La mission d’Ali Nnaemeka s’étend au-delà des responsabilités eucharistiques. Il s’implique davantage en milieu scolaire et sportif à Schefferville afin d’aider et d’encourager les jeunes à exploiter leur potentiel et à trouver leur passion. « J’ai participé à trois Jeux autochtones en tant qu’accompagnateur et entraîneur de basketball et de soccer. Je m’implique aussi comme photographe, vidéaste ou bénévole dans des événements à l’école, des pow-wow ou d’autres activités d’été », raconte le père Ali, heureux de partager sa passion pour la photo ou la vidéo avec les jeunes de la communauté qui souhaitent s’y initier. « Les jeunes me voient plus comme un grand frère qu’un prêtre », ajoute-t-il.

« La présence d’Ali chez nous contribue à la revalorisation de l’école, et son implication donne de beaux résultats », affirme Donat Jean-Pierre, directeur de l’école Kanatamat Tshitipenitamunu, qui compte aujourd’hui 107 élèves du préscolaire au secondaire. « Sa capacité d’éveiller la confiance, la curiosité et le potentiel des jeunes amène une belle dynamique. Il aide nos jeunes à mieux se préparer et à croire un peu plus à leurs possibilités. »

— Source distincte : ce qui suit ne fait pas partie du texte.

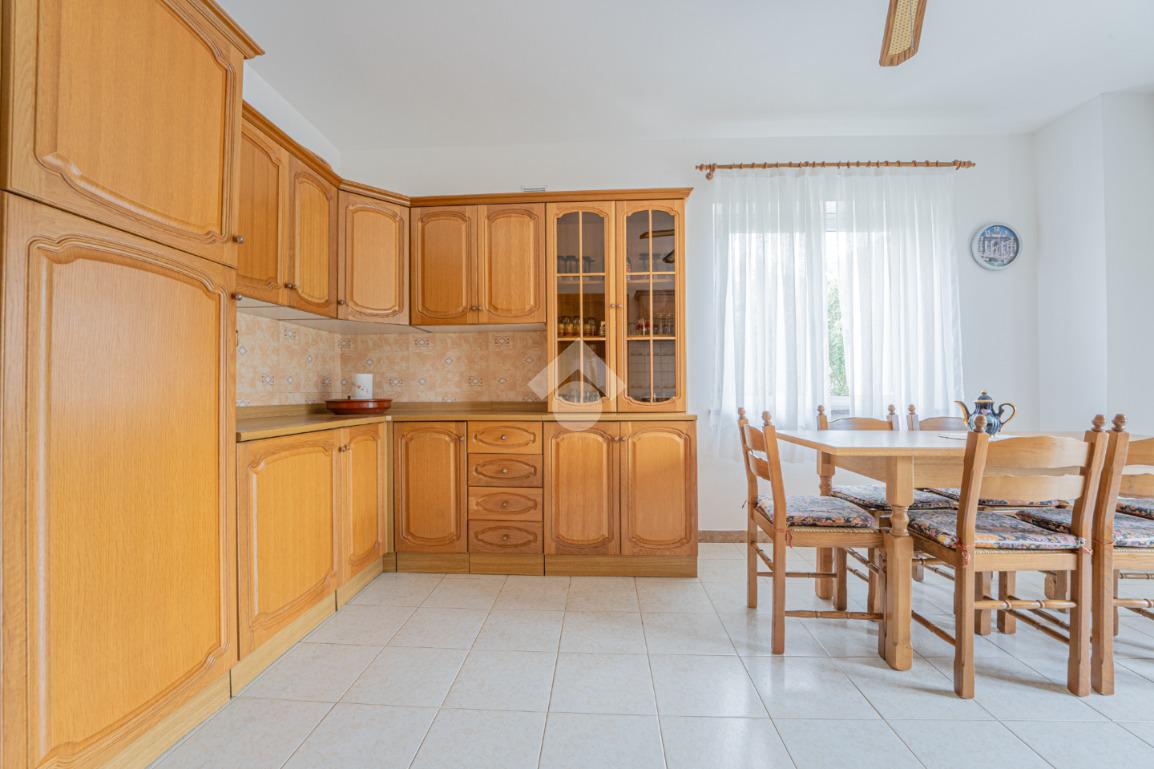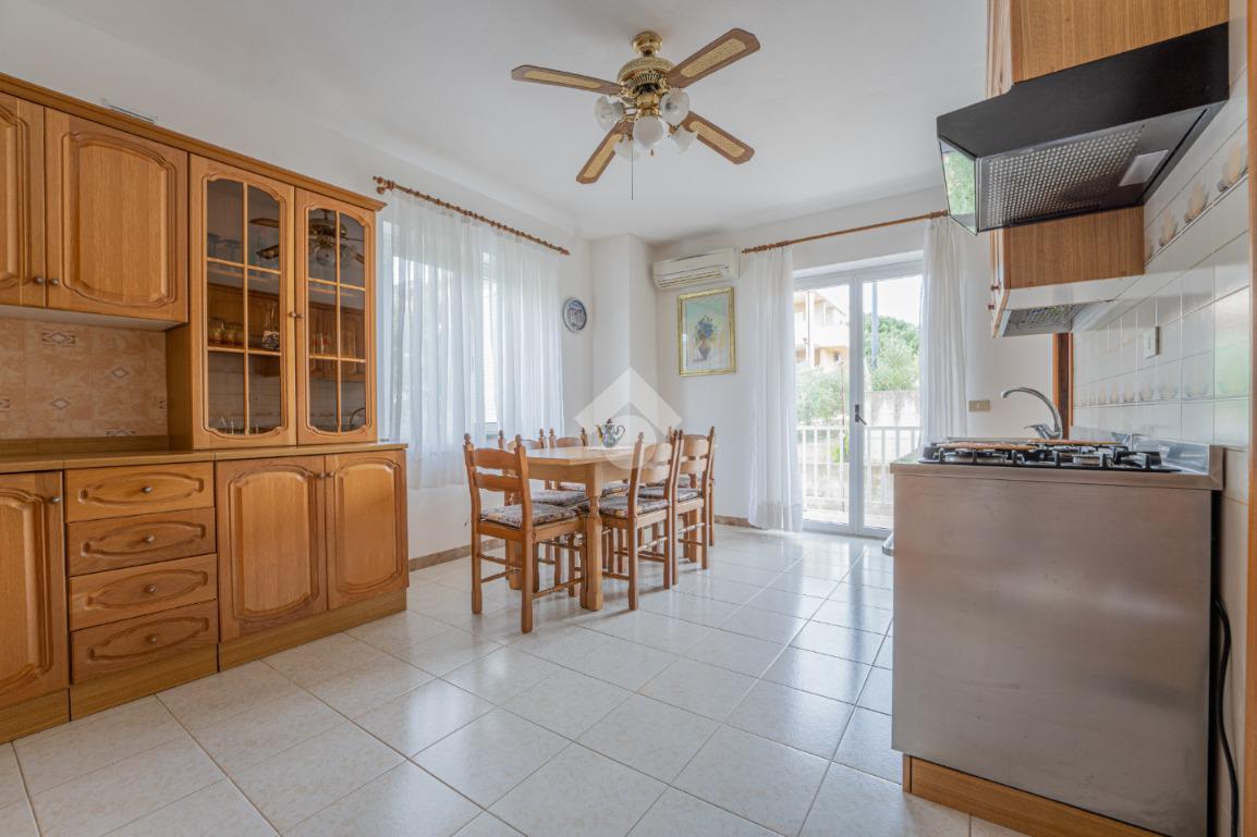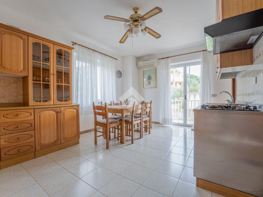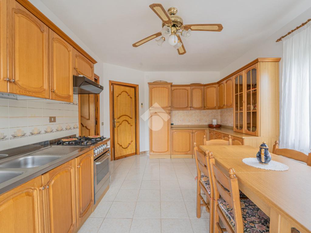 La cucina è separata ed abitabile, composta attualmente da una mobilia ad angolo e ben strutturata per riporre utensili vari senza dover rinunciare a spazi importanti per la gestione quotidiana, inoltre l'ambiente presenta un balcone che affaccia su uno spazio verde di proprietà.
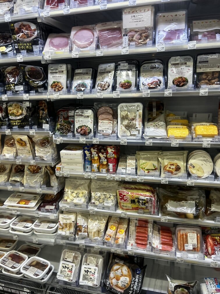 In most countries in the world – it would only be a very, very brave person who dared to eat a “meal” made up of convenience store food but, in Japan, you can find an entire deli section, salads, bakery goods (all delivered daily), household supplies, sweets, alcohol, frozen foods etc.
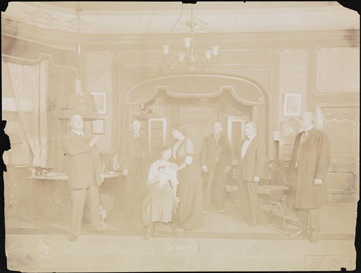 Description A scene from a production of William C. De Mille's "The Woman," presented at the Republic Theatre in 1911.
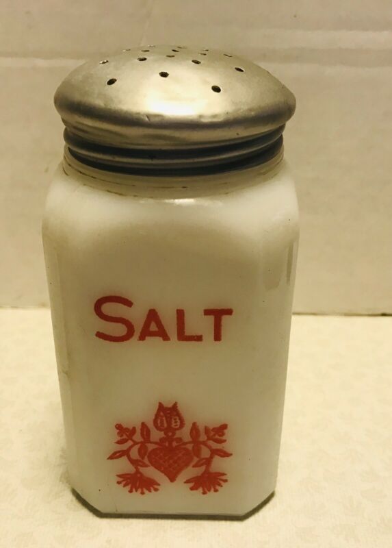 VINTAGE MCKEE RED DESIGN MILK GLASS SALT RANGE SHAKER
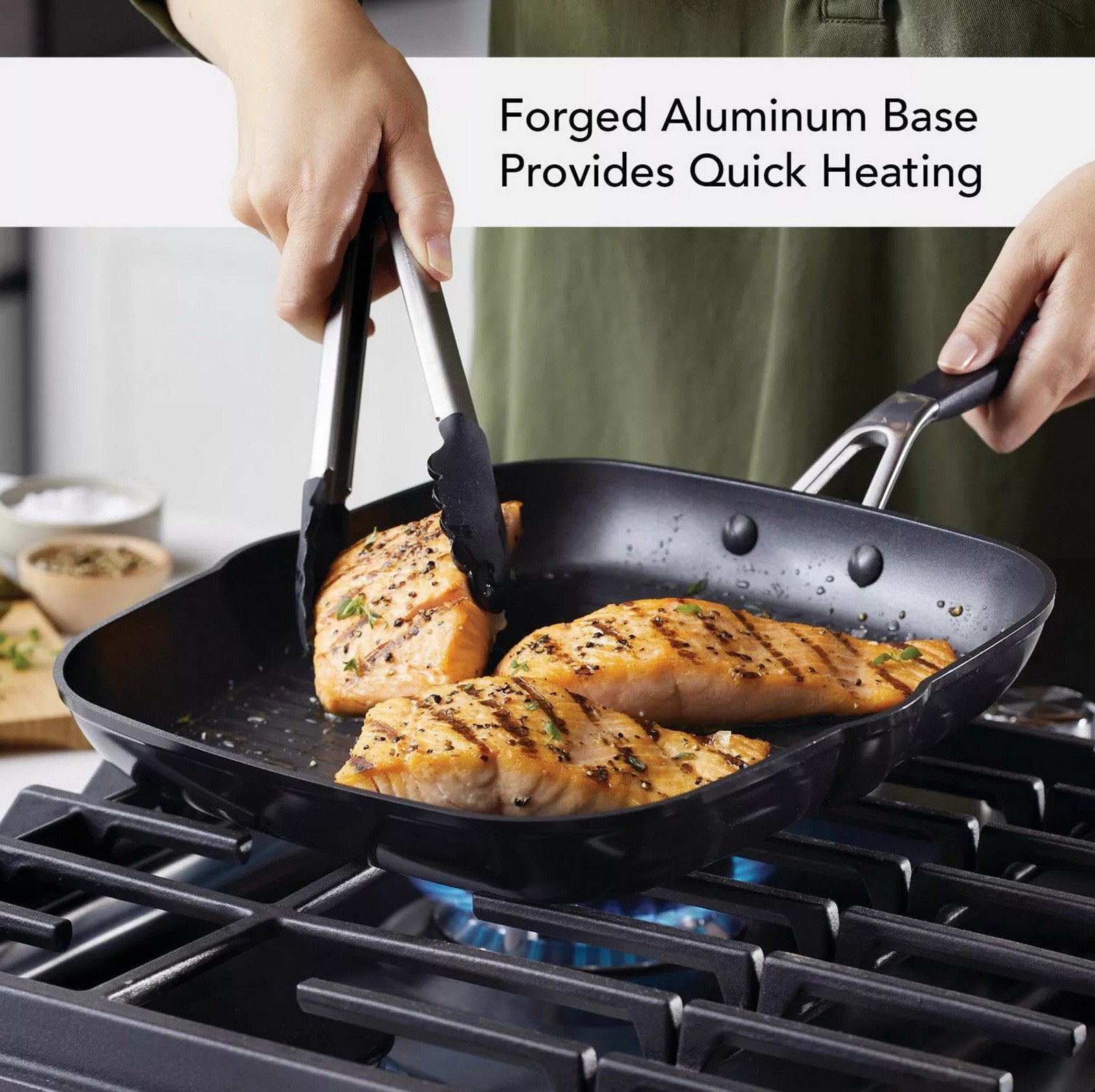 Finished with triple layer nonstick, these saucepans, frying pans, stockpot, and square grill pan effortlessly release foods and clean like new. Dual riveted stainless steels handles are finished with silicone grips to remain cooler when cooking when compared with traditional stainless steel handles, while the tempered glass lids lock in heat and flavor.
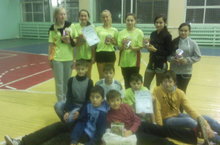 Команда девушек, занявшая I место и команда юношей, занявшая II место в спартакиаде учащихся г. Лениногорска по мини-футболу:

« Je ne leur vends pas des espoirs »

Ali dit s’identifier davantage à ce que les jeunes des communautés autochtones vivent, venant lui-même d’un pays colonisé. « Ils sont dans un milieu enclavé et n’ont pas les mêmes ressources des jeunes qui sont à Montréal. Leur réalité n’est pas celle qu’ils voient à la télé. Venant d’une réalité encore plus précaire, je ne leur vends pas des espoirs, je leur dis simplement que c’est possible de s’en sortir », indique-t-il.

Depuis quelques semaines, père Ali anime le cours d’éthique et culture religieuse à l’école de Schefferville. « Il fait participer les élèves à des sujets d’actualité autour de la communauté et dans le contexte de tout ce qui se passe actuellement à travers le monde », note M. Jean-Pierre. À partir d’éléments puisés de films et de légendes autochtones, Ali Nnaemeka vise à contribuer davantage au développement personnel des jeunes et à leur résilience dans le contexte scolaire.

« Ma mission dans les deux communautés est importante. Je resterai dans le territoire tant et aussi longtemps qu’on aura besoin de ma présence », affirme-t-il.